START Records for the exercise

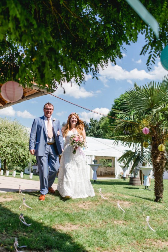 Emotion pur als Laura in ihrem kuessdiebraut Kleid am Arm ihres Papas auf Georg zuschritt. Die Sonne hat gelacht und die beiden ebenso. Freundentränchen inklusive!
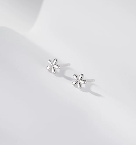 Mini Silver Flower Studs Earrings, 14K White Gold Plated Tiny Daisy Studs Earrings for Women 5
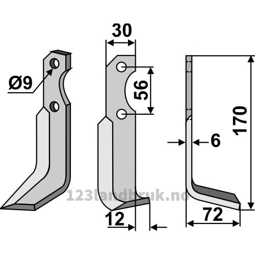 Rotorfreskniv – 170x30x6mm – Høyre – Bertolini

END Records for the exercise
START Records for the exercise

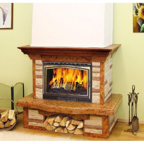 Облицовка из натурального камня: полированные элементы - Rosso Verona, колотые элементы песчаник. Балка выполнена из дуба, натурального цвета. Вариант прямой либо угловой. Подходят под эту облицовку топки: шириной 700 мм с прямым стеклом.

END Records for the exercise

(Exercise aim):
Your copy should hold only the lines above from the one containing "Mini Silver Flower" through the one containing "Rotorfreskniv – 170x30x6mm", exactly as written and free of pictures.

(Written solution):
 Mini Silver Flower Studs Earrings, 14K White Gold Plated Tiny Daisy Studs Earrings for Women 5
 Rotorfreskniv – 170x30x6mm – Høyre – Bertolini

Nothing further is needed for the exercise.